Work instruction: What you return should be every line below, word for word, and none of the images.
● ● ● ● ●
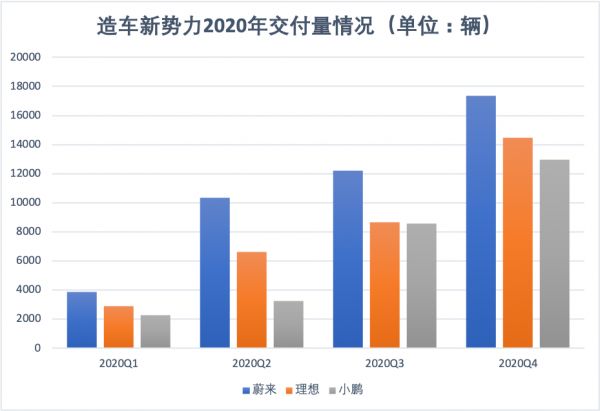 根据财报,2020年第四季度,三家造车新势力的交付量都创下了新高,环比增长均超过4成,理想的增长最快,增幅甚至将近7成。
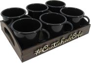 Kit 6 Xícaras Acrílica Preta Com Bandeja Cantinho do Café - SHOPPING DO MDF
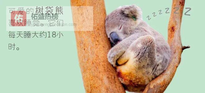 ▷可爱的树袋熊喜欢睡觉,它们每天大约睡18个小时。
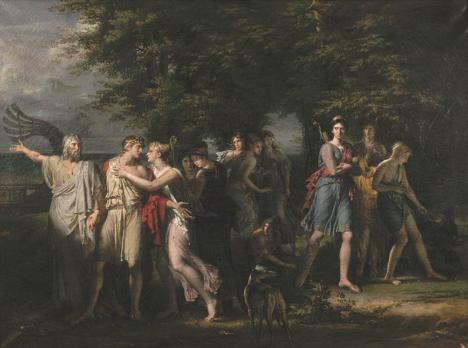 Le tableau "Le départ de Télémaque" était connu, car une gravure le représentant avait été exposée lors de la monographie de 2008. L'oeuvre, de 154 cm sur 203 cm, "avait reçu des éloges de la critique et du public lors de sa présentation au Salon" de Paris, selon la maison de vente Ivoire. Son sujet est tiré du roman d'apprentissage de Fénelon publié en 1699, "Les Aventures de Télémaque", réimprimé tout au long du XVIIIe siècle, selon la même source.
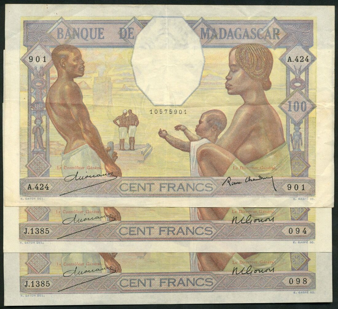 Banque de Madagascar, 100 francs (3), ND (1937), prefix A.424, J.1385, (Pick 40b, TBB 206b), all with pinholes, first note very fine, remaining two extremely fine (3 notes)
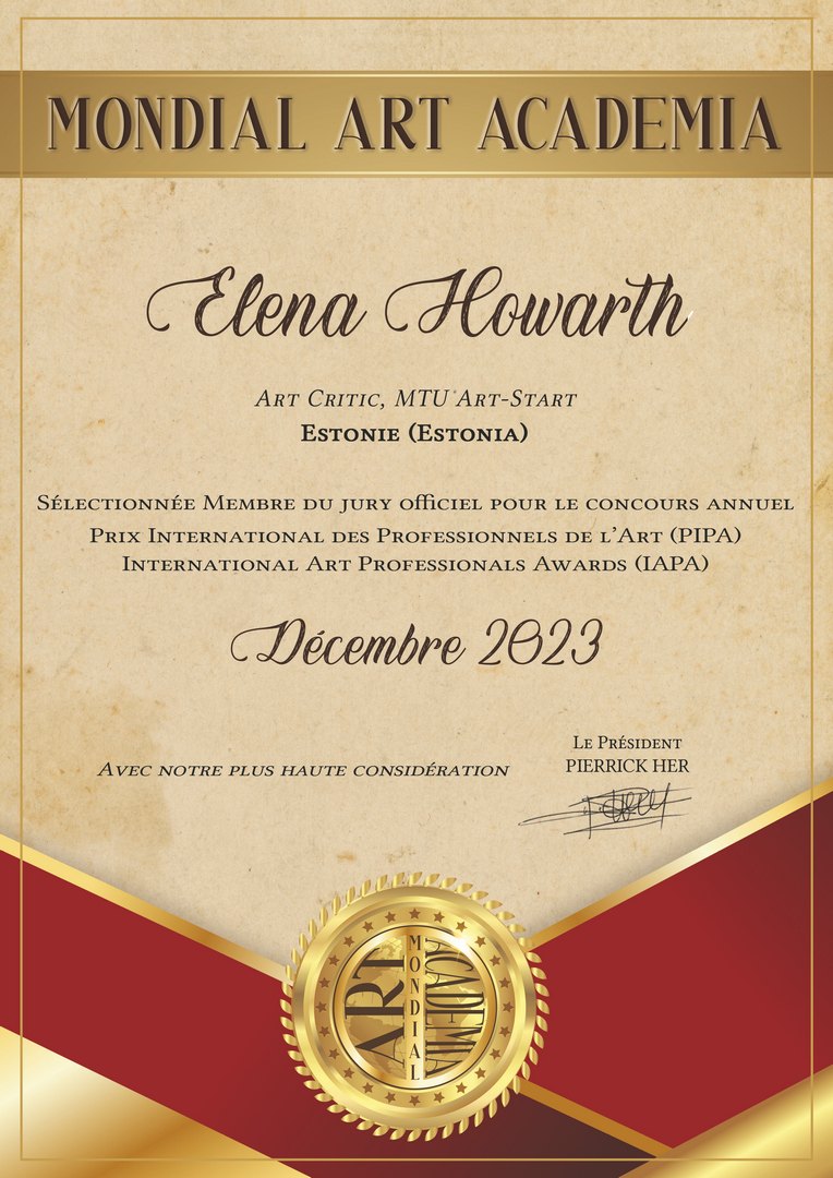 Sélectionnée Membre du jury officiel pour le concours annuel Prix International des Professionnels de l’Art (PIPA) (Pierrick Her, le Président de MONDIAL ART ACADEMIA, 2023)
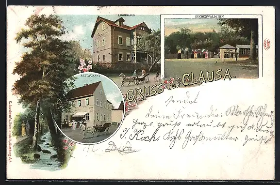 Lithographie Clausa, Restaurant, Buchenwäldchen, Logirhaus
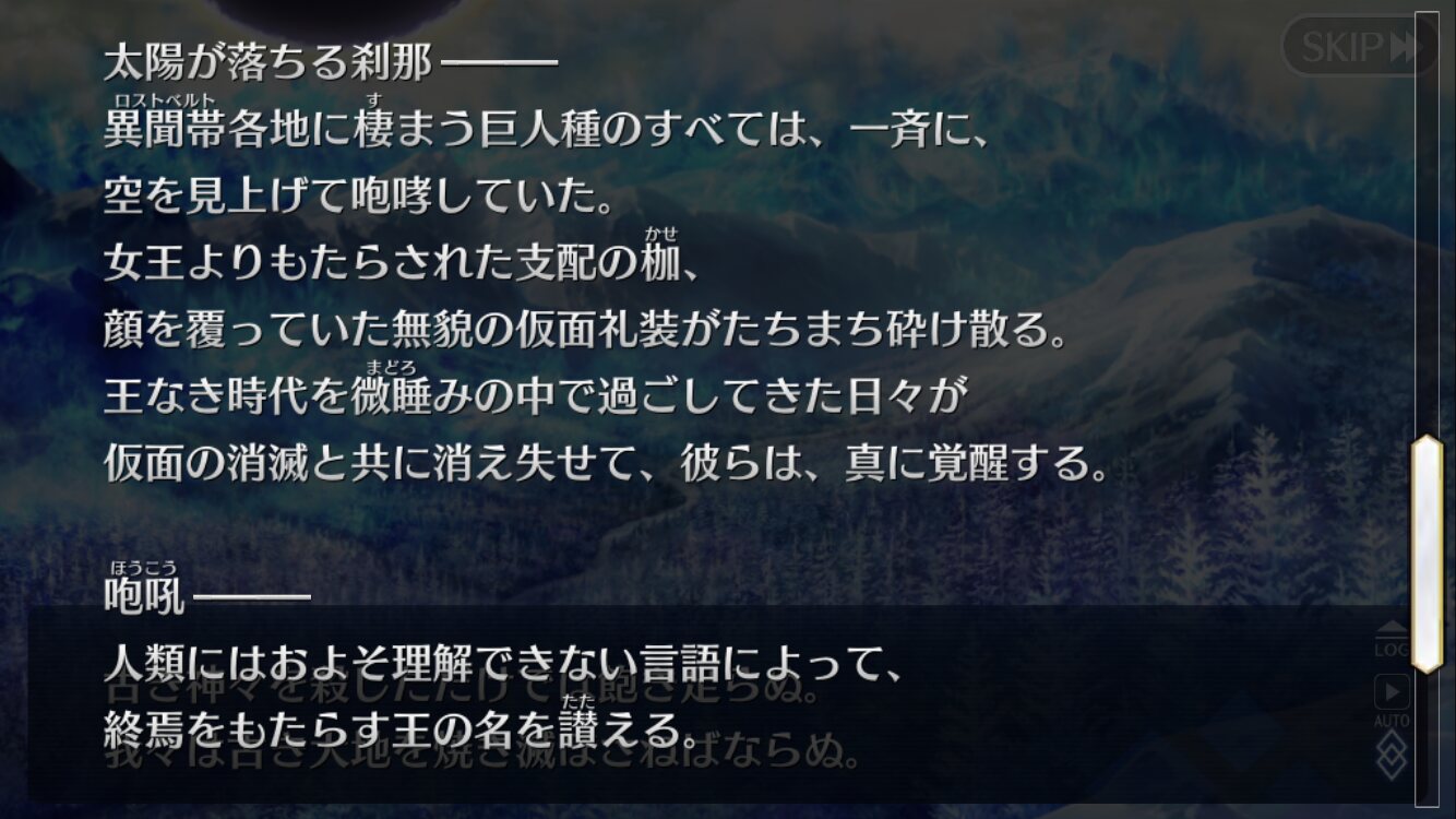 終局といえばぐれおの終着特異点の英霊集結シーンでは皆さんのサーヴァントの独想なんかがあって面白かったなぁ…
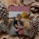 Elegant holiday card featuring a typography text that says "Christmas Cheer" in script font with an illustration of a mistletoe. Add another photo on the back along with your message. Background is pink.
● ● ● ● ●
Solution for this problem:
 根据财报,2020年第四季度,三家造车新势力的交付量都创下了新高,环比增长均超过4成,理想的增长最快,增幅甚至将近7成。
 Kit 6 Xícaras Acrílica Preta Com Bandeja Cantinho do Café - SHOPPING DO MDF
 ▷可爱的树袋熊喜欢睡觉,它们每天大约睡18个小时。
 Le tableau "Le départ de Télémaque" était connu, car une gravure le représentant avait été exposée lors de la monographie de 2008. L'oeuvre, de 154 cm sur 203 cm, "avait reçu des éloges de la critique et du public lors de sa présentation au Salon" de Paris, selon la maison de vente Ivoire. Son sujet est tiré du roman d'apprentissage de Fénelon publié en 1699, "Les Aventures de Télémaque", réimprimé tout au long du XVIIIe siècle, selon la même source.
 Banque de Madagascar, 100 francs (3), ND (1937), prefix A.424, J.1385, (Pick 40b, TBB 206b), all with pinholes, first note very fine, remaining two extremely fine (3 notes)
 Sélectionnée Membre du jury officiel pour le concours annuel Prix International des Professionnels de l’Art (PIPA) (Pierrick Her, le Président de MONDIAL ART ACADEMIA, 2023)
 Lithographie Clausa, Restaurant, Buchenwäldchen, Logirhaus
 終局といえばぐれおの終着特異点の英霊集結シーンでは皆さんのサーヴァントの独想なんかがあって面白かったなぁ…
 Elegant holiday card featuring a typography text that says "Christmas Cheer" in script font with an illustration of a mistletoe. Add another photo on the back along with your message. Background is pink.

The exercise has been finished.